Junior Bonner (1972)

Junior Bonner (1972), directed by Sam Peckinpah.

A low-key modern western, more or less a family drama against a rodeo background.

Steve McQueen is an ex-champion who has just had a bad encounter with Old Sunshine, an unrideable bull. He'd like a rematch. He visits his estranged parents (Ida Lupino and Robert Preston) and battles with his hard-working businessman brother, Joe Don Baker, who has pretty much taken over the family.

Good performances all around. Filmed in Prescott AZ, all real locations and with many locals as extras. It has a promising beginning but slacks off and never recovers. An extended comical bar room brawl doesn't help. But JR gets his rematch with Old Sunshine.

It's a familiar theme: the passing of the Old West with its virtues and standards. Not just the hard men who used to thrive there, but the sense of community where everyone knows the Bonners, the relaxed friendliness and the ease of men and women with each other, a portrait affectionate without being syrupy.

Several other familiar faces, always good to see: Ben Johnson, Dub Taylor, Bill McKinney.

Peckinpah was worried about being typed as an action and violence director and wanted to make something warmer and more gentle. It didn't do well, maybe because of too many similar films at the time. He said: "I made a film where nobody got shot and nobody went to see it."

The DVD is 4:3 letterboxed, a particularly unfortunate encoding for 2.35:1 aspect ratio titles. Four Peckinpah scholars contribute a commentary track.
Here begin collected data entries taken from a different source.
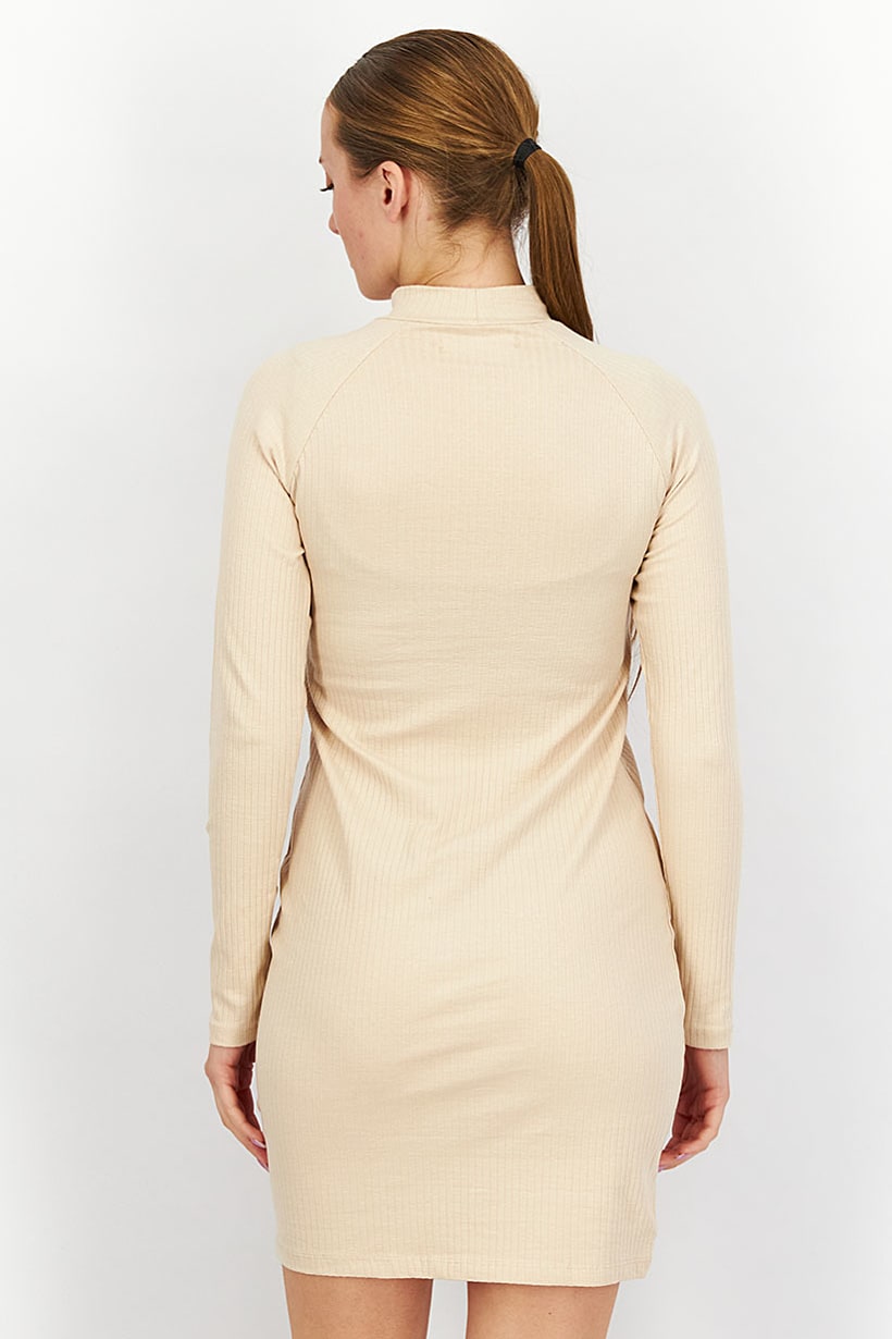 | nameOriginal | Women Textured Mock Neck Long Sleeve Bodycon Dress, Beige |
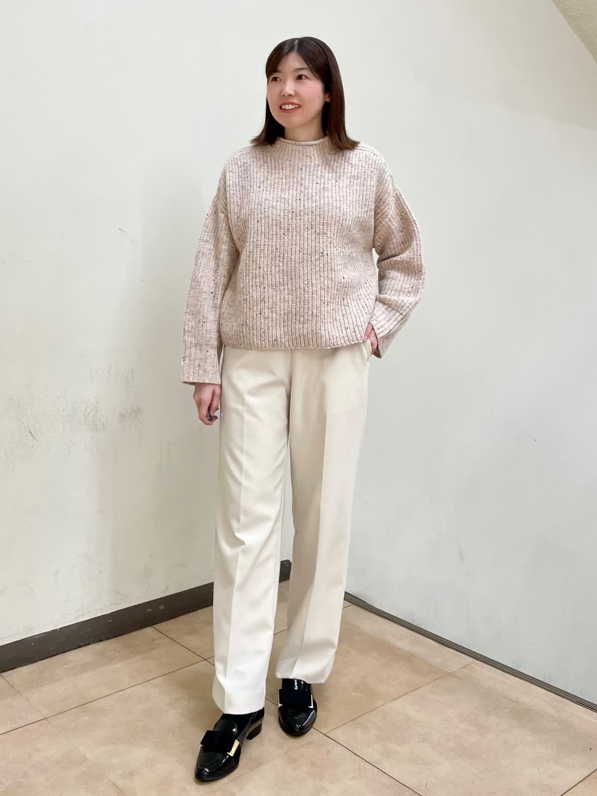 【着用サイズ】ニット:フリー パンツ:9号 カラーネップが特徴的なニットは柔らかい素材で、太めのお袖とボクシーなサイジングになっています。パンツはウエスト総ゴムになっているので楽な履き心地です。
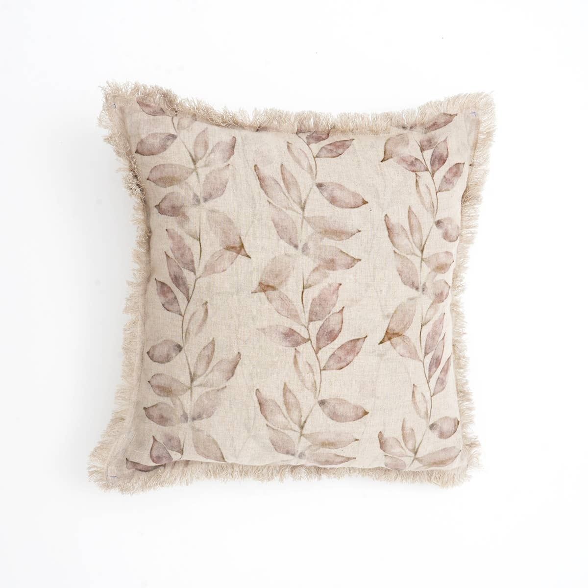 Linen Printed Cushion with Fringes (Brown) Linen Printed Cushion with Fringes (Brown) Linen Printed Cushion with Fringes (Brown)
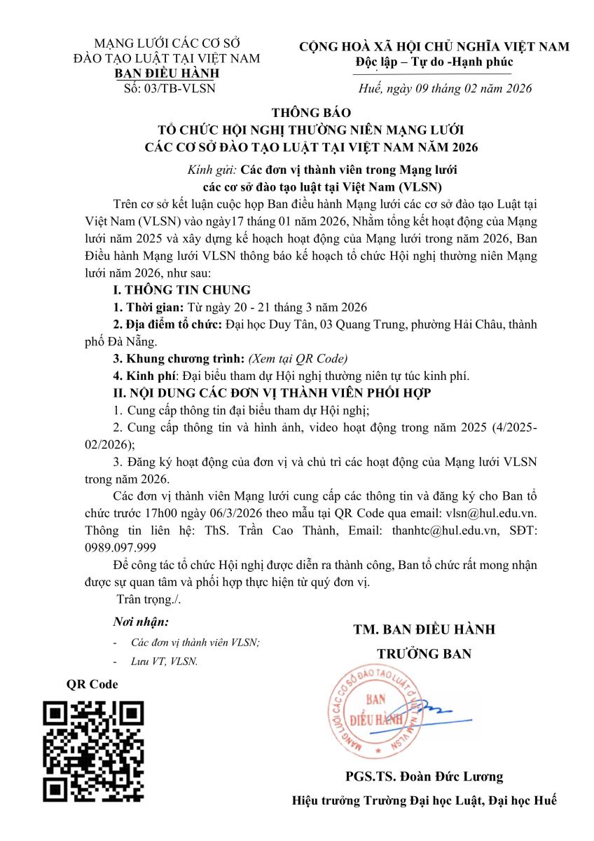 THÔNG BÁO TỔ CHỨC HỘI NGHỊ THƯỜNG NIÊN MẠNG LƯỚI CÁC CƠ SỞ ĐÀO TẠO LUẬT TẠI VIỆT NAM NĂM 2026
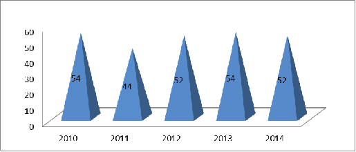 Количество пожаров за период с 2010 года по 2014 год уменьшилось на 2 пожара.
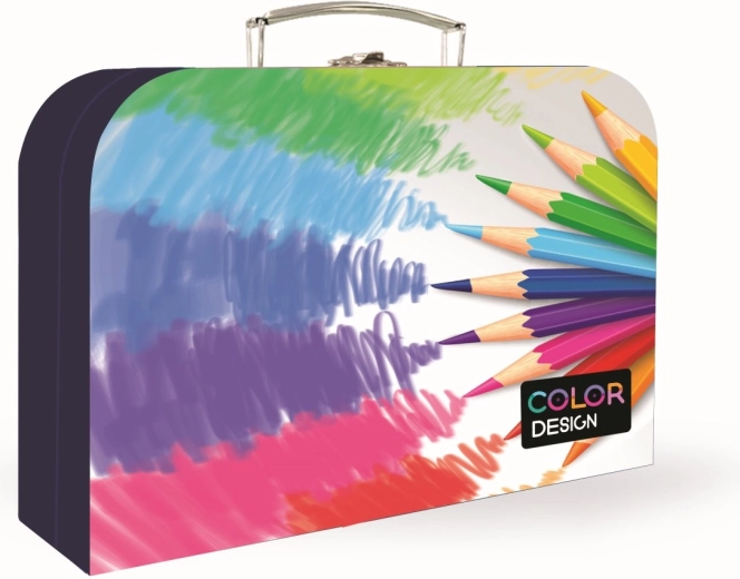 Pratica valigetta laminata con motivo di matite per la scuola e il tempo libero, ideale per materiali artistici e quaderni in formato A4. Superficie laminata resistente, chiusura metallica sicura e rivetti in metallo robusti per una lunga durata. Dimensioni compatte 340 × 230 × 100 mm e peso 0,495 kg per un trasporto agevole.

They point out how much the film communicates without dialogue, how skillfully the director tells a story by showing it with his editing.

This is the sort of fine commentary that makes me want to see it again and reevaluate. They praise his honesty and realism, and the look and structure of the film. One is a Brit who saw it as a teenager and says it showed the America he wanted to come and find.